● Required work: Could you give the data below again exactly, apart from the pictures?

● Supplied information:
————
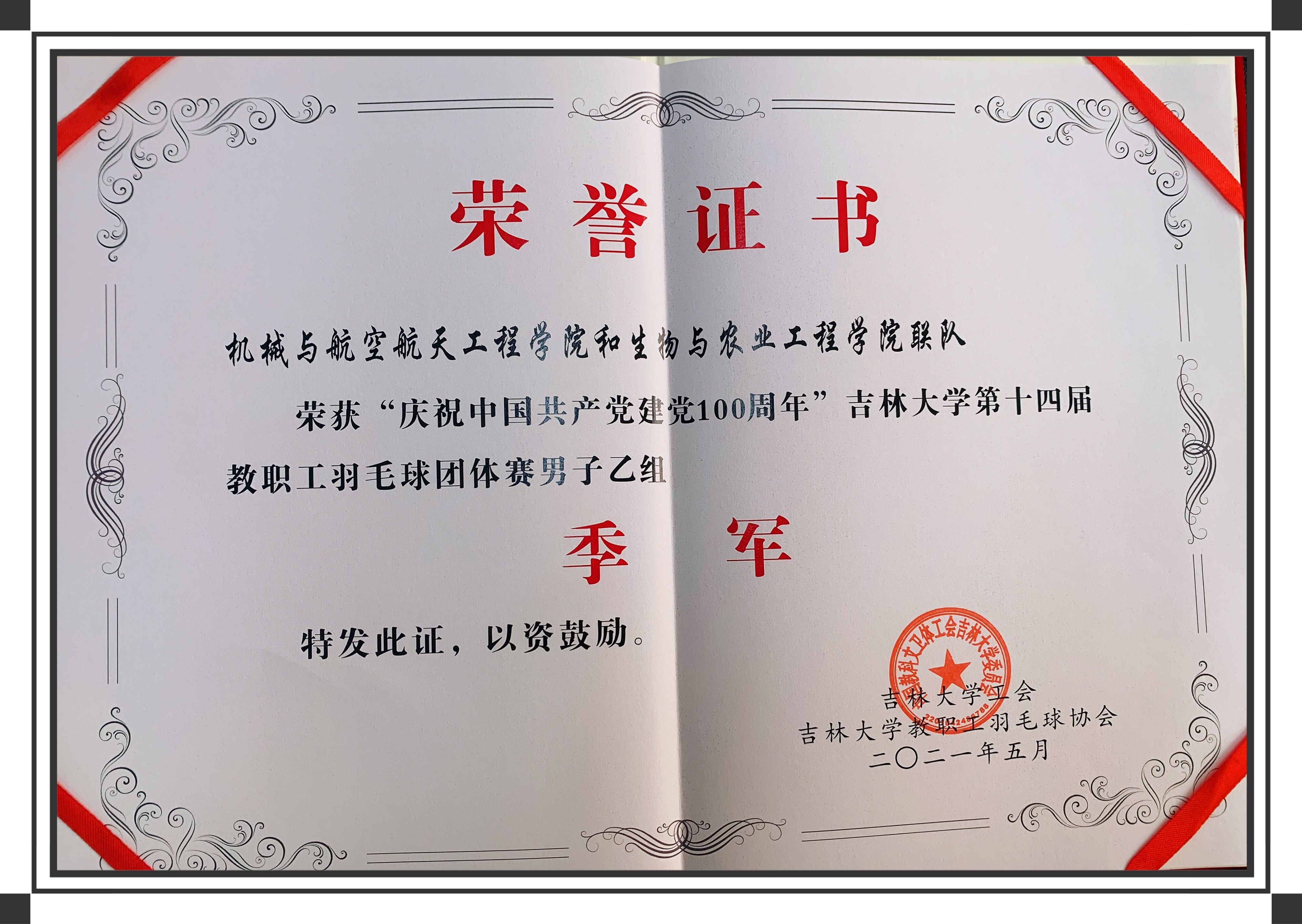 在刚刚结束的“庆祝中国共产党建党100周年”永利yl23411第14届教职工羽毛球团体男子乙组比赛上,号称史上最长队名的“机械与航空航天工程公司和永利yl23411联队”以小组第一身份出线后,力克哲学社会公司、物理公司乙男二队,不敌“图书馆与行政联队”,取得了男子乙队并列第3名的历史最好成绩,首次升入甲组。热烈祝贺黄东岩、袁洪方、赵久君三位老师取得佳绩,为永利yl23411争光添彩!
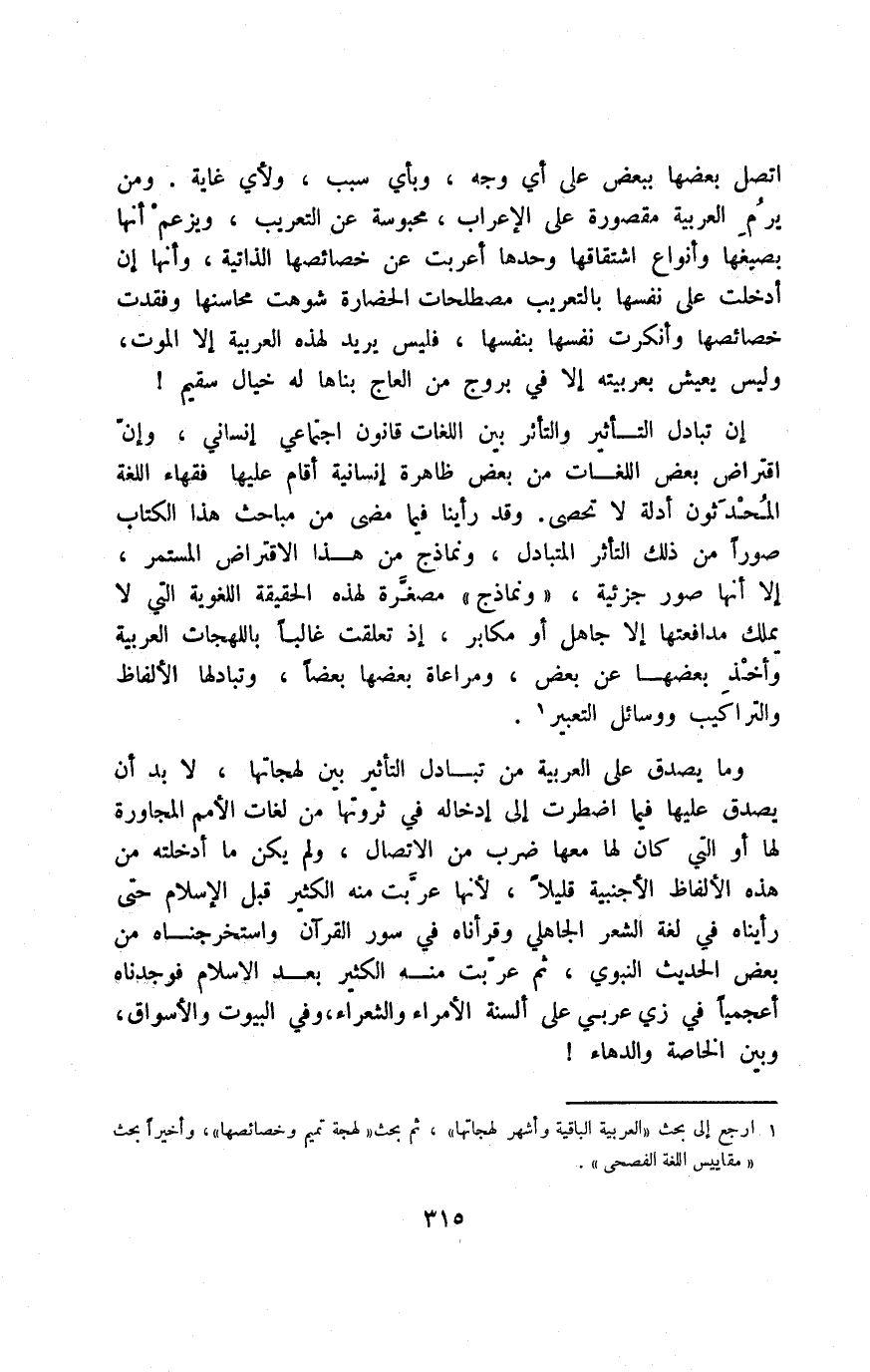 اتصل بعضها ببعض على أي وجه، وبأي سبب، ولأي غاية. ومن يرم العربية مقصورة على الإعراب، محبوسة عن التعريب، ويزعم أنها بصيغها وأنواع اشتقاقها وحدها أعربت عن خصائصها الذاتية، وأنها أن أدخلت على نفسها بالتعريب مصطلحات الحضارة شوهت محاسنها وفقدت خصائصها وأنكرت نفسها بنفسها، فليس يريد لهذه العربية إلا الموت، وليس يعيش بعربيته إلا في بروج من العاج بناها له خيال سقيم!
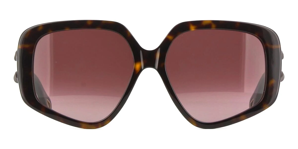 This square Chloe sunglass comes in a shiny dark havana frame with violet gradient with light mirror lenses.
————
● Answer area:
 在刚刚结束的“庆祝中国共产党建党100周年”永利yl23411第14届教职工羽毛球团体男子乙组比赛上,号称史上最长队名的“机械与航空航天工程公司和永利yl23411联队”以小组第一身份出线后,力克哲学社会公司、物理公司乙男二队,不敌“图书馆与行政联队”,取得了男子乙队并列第3名的历史最好成绩,首次升入甲组。热烈祝贺黄东岩、袁洪方、赵久君三位老师取得佳绩,为永利yl23411争光添彩!
 اتصل بعضها ببعض على أي وجه، وبأي سبب، ولأي غاية. ومن يرم العربية مقصورة على الإعراب، محبوسة عن التعريب، ويزعم أنها بصيغها وأنواع اشتقاقها وحدها أعربت عن خصائصها الذاتية، وأنها أن أدخلت على نفسها بالتعريب مصطلحات الحضارة شوهت محاسنها وفقدت خصائصها وأنكرت نفسها بنفسها، فليس يريد لهذه العربية إلا الموت، وليس يعيش بعربيته إلا في بروج من العاج بناها له خيال سقيم!
 This square Chloe sunglass comes in a shiny dark havana frame with violet gradient with light mirror lenses.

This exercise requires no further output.